Even before the overarching questions are answered, we believe each of the above approaches can deliver meaningful impact in the near term. Let’s take a closer look at each one.

1. Enhancing Existing Workflows

Today, the vast majority of AI code startups are taking the shape of in-IDE co-pilots or chat interfaces to enhance engineering workflows. While companies like Tabnine have been working on code assistants for many years, the big moment for coding AI tools came with the release of GitHub Copilot in 2021. Since then, we have seen a flurry of startups going after the various jobs to be done by engineers.

Startups finding traction are going after workflows centered around code generation or code testing. This is because:

They are core parts of an engineer’s job
They can require relatively low context to be sufficiently useful
In most cases, they can be bundled within a single platform
In a world where reliability is scarce, putting outputs right in front of the user (i.e. in the IDE) allows them to take ownership of any corrections required

The elephant in the room is the challenge of going after GitHub Copilot, which already has considerable distribution and mindshare (congratulations to Devin who just secured their own partnership with Microsoft). Startups are working around this by looking for pockets of differentiation in which to ground their wedge. For example, Codeium is taking an enterprise-first approach, while Codium is starting with code testing and reviewing and expanding from there.

We also believe there is a strong opportunity for tools going after tasks like code refactoring, code review, and software architecting.
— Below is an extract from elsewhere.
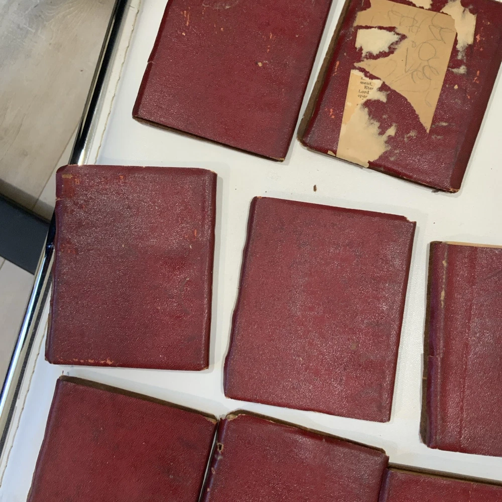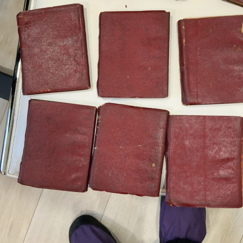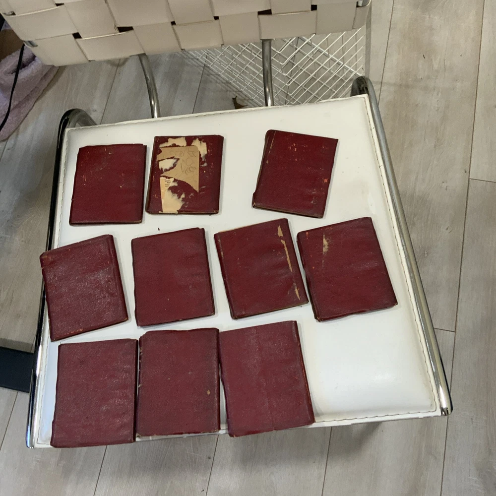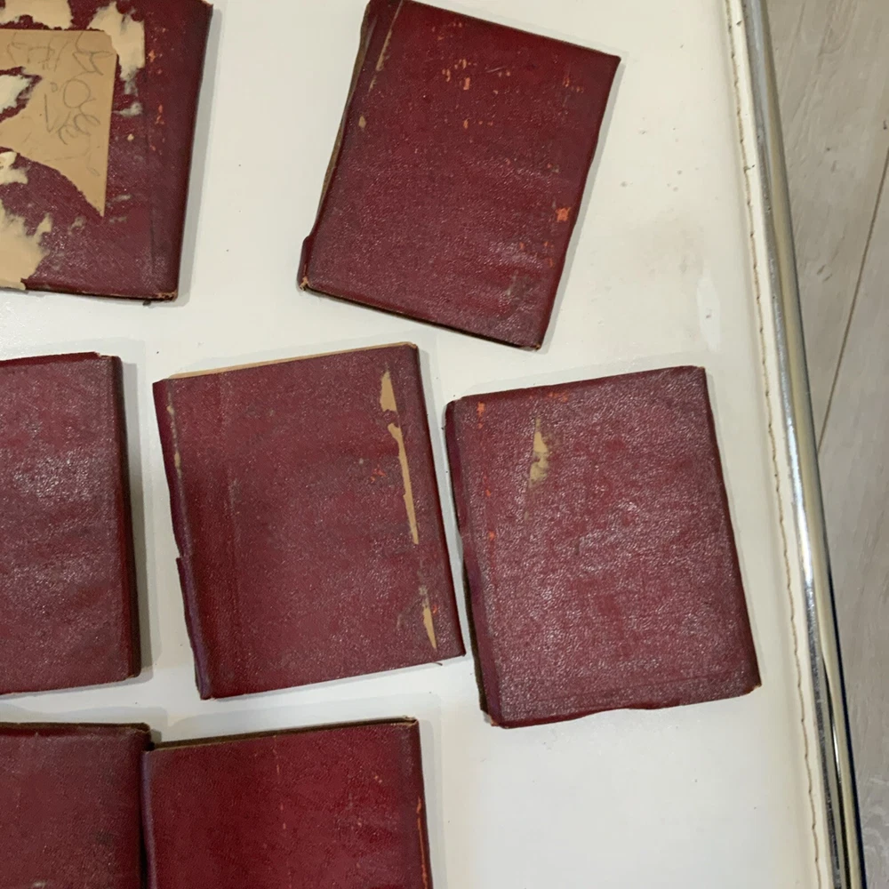 Vintage/Antique Little Leather Library lot of 14 Mini Books. All in various conditions see photos List if books is in same order as photos SHORT STORIES DE MOPASSANT MAN WITHOUT THE COUNTRY HALE FRENDSHIP AND OTHER ESSEYS HENRY THOREAU POEMS ROBERT BROWNING FUFTY BEST POEMS OF ENGLAND A CHILDS GARDEN OF VERSES ROBERT LOUIS STEVENSON The Coming of Arthur Barrack Room Ballads Enoch Arden The Gold Bug Smoke Free Home

These can be more complex as they not only require a larger surface area of understanding within the code, but also an understanding of a graph of knowledge between different files, knowledge of external libraries, understanding of the business context, the end-usage patterns of the software, and the complex selection of tools.

Regardless of the wedge, one of the recurring challenges we’re seeing at this layer is how to access relevant context to solve wider-reaching tasks within a company’s codebase. Exactly how that’s done is an open question, which we explore in the last section in this post.

2. AI Coding Agents

If augmenting engineering workflow is valuable, an even larger opportunity is figuring out what workflows can be completely replaced.

AI coding products that can perform engineering tasks end-to-end – and can work in the background while the human engineer does something else – would create an entirely new level of productivity and innovation. A giant leap beyond AI co-pilots, AI coding agents could take us from a realm of selling tooling to selling labor. In a world where coding agents get very good, you could have a single human supervising multiple “AI engineers” in parallel.

The fundamental capability of an AI agent isn’t just about predicting the next word in a line of code. It needs to couple that with the ability to carry out complex tasks with upwards of dozens of steps, and, like an engineer, think about the product from the user perspective. For example, if prompted to fix a bug, it needs to know its location, the nature of its problem, how it affects the product, any downstream changes that might result from fixing the bug, and much more before it can even take the first action. The context must come from something like ingesting Jira tickets, larger chunks of the codebase, and other sources of information. Being able to write detailed code specs and accurate code planning will become central to adopting AI engineers.

Companies and projects we have seen in this space include (but are not limited to) Devin, Factory, CodeGen, SWE-Agent, OpenDevin, AutoCodeRover, Trunk, and more.

The question then is: what needs to be done for agents to be able to complete a larger portion of tasks end to end? This is addressed in my open questions section.

3. Code-Specific Foundation Model Companies

A few founders believe that in order to build long-term differentiation at the code app layer, you need to own a code-specific model that powers it.

It’s not an unreasonable suggestion, but it seems there are a few open questions that have steered other startups away from this capital-intensive approach – primarily that it’s unclear whether a code-specific model will get leapfrogged by improvements at the base model layer. I’ll go into this topic further in the open questions section.

First, let’s recall that most foundational LLMs are not trained exclusively on code, and many existing code-specific models like CodeLlama and AlphaCode are created by taking an LLM base model, giving it millions of points of publicly available code, and fine-tuning it to programming needs.

Note: timeline shows only a select set of code-specific models and LLMs that are heavily used for coding use cases

Today, startups like Magic, Poolside, and Augment are trying to take this a step further by training their own code-specific models by generating their own code data and using human feedback on the coding examples (Poolside calls this “Reinforcement Learning from Code Execution Feedback”). The thesis is that doing this will lead to better output, reduce reliance on GPT-4 or other LLMs, and ultimately, create the most durable moat possible.

The core question here is whether a new team can out-pace frontier model improvements. The base model space is moving so fast that if you do try to go deep on a code-specific model, you are at risk of a better base model coming into existence and leapfrogging you before your new model is done training. Given how capital intensive model training is, there’s a lot of time and money at risk if you get this question wrong.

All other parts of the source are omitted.